Homemade Spinach Pasta Recipe
Our spinach harvest this year (2017) has been extraordinary. We grow it in our gutter gardens which makes it easy to plant, water, feed, grow, and harvest. I like to cut the outer leaves of the spinach, giving it a “haircut,” if you will. That gives room for more leaves to grow from the center. As long as the weather holds up in a cooler manner, then our spinach harvest keeps continuing. This year was perfect so far with plenty of rain this spring and not too hot.
My second large harvest gave me a pound of spinach. I didn’t know how to preserve the dark green leaves full of minerals and vitamins. So I decided to make some spinach pasta. Blending with egg and flour in a pasta dough makes a great way to preserve and save the spinach in a unique manner.
Sometimes kids don’t like to eat spinach. I know when I was a little girl, I hated eating sautĂ©ed spinach or creamed spinach. So gross!! Well, things have changed now. I love it. But I also don’t want my kids to be the same as me. I like to disguise the “gross” vegetables into simple food items like pasta.
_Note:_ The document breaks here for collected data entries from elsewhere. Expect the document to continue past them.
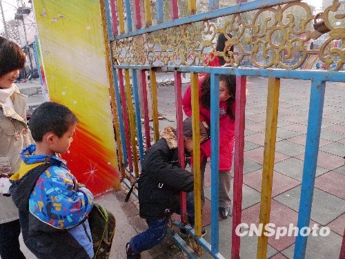 家长通过被锁住的铁门栏杆间缝隙将孩子塞进幼儿园。中新社发 曹福川 摄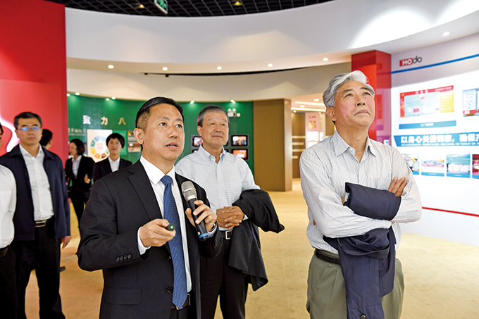在紅豆黨建館,紅豆集團黨委書記、董事局主席兼CEO周海江介紹了紅豆創(chuàng)立的現(xiàn)代企業(yè)制度+企業(yè)黨建+社會責(zé)任“三位一體”的中國特色現(xiàn)代企業(yè)制度、主題教育開展、企業(yè)發(fā)展等情況。周海江說,企業(yè)健康發(fā)展、企業(yè)人士健康成長,這是黨和國家對民營企業(yè)的基本要求,也是廣大民營企業(yè)的內(nèi)在要求。紅豆集團始終堅持黨建引領(lǐng)企業(yè)治理,將黨的政治優(yōu)勢轉(zhuǎn)化為企業(yè)發(fā)展優(yōu)勢,始終堅持“聽黨話、跟黨走,講正氣、走正道”,始終堅持“以人民為中心”的發(fā)展理念,不忘初心、牢記使命,致富鄉(xiāng)親、造福社會,實業(yè)報國、八方共贏。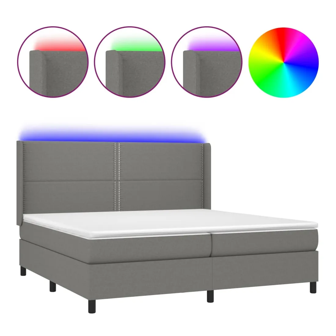Utilisez ce sommier tapissier avec matelas et LED pour profiter d'un sommeil réparateur ! C'est le point central de votre chambre à coucher. Tissu durable : le tissu présente un aspect simple et épuré, et il est respirant et durable.Tête de lit pratique : la tête de lit est réglable en hauteur selon vos préférences. La tête de lit vous offre un excellent soutien du dos lorsque vous êtes assis dans votre lit pour lire ou regarder la télévision.Bande LED colorée : apportez de l'éclairage dans l'obscurité avec des lumières LED colorées !Matelas à ressorts ensachés : le ressort ensaché individuel intégré est connu pour sa très haute qualité tout en assurant un haut niveau de durabilité et d'adaptabilité. Il peut absorber efficacement le bruit et les chocs causés par les sauts et les rotations.Protège-matelas doux pour la peau : le protège-matelas est recouvert d'un tissu résistant et doux pour la peau, ce qui le rend souple et confortable. Remarque :Pour des raisons d'hygiène, le matelas ne peut pas être retourné si l'emballage est retiré ou ouvert.Seule la partie avec un symbole de ciseaux peut être coupée et seule la partie avec l'USB continuera à fonctionner comme avant.Chaque produit est livré avec un manuel de montage dans la boîte pour un montage facile.Ce produit est doté d'un connecteur USB, mais la source d'alimentation certifiée de USB 5V n'est pas incluse.

The kids won’t even know they are eating spinach.
Cost to make this recipe.
If you purchase all the ingredients to make this pasta, then it should cost roughly $4.67. We grow our spinach in gutter gardens every early spring, so this recipe price is reduced drastically. I make this pasta for about $0.50 for the entire healthy batch.
We would love to hear from you, so comment and rate the recipe down below. Also, check out more preserve the harvest recipe posts.
This recipe was adapted from an unknown pasta cookbook. All images and text are all my own and original to One Acre Vintage Homestead – Pumpkin Patch Mountain Homestead.
Spinach Pasta
Ingredients
- 10 oz. fresh spinach, …[$3.98]
- 2 cups all purpose flour, or durum semolina…[$0.46]
- 1 large egg, …[$0.23]
Instructions
- Blend together egg and spinach leaves until everything looks smooth. You can use an immersion blender or a food processor.
- Add flour until dough forms a nice ball. Let the dough ball rest for at least an hour.
- Roll out on flour surface or run dough through a pasta maker attachment, dusting with extra flour if the dough is too sticky.
- Lay out large sheets of pasta on a floured counter and dust the top with flour. Let the pasta dry out for about 10-15 minutes.
- Cut slightly dry pasta with a knife or run sheets through a pasta attachment on a stand mixer into the desired shape. Let cut pasta dry out on counter for another couple of hours or in a dehydrator. You can also put in a bag and set in the freezer.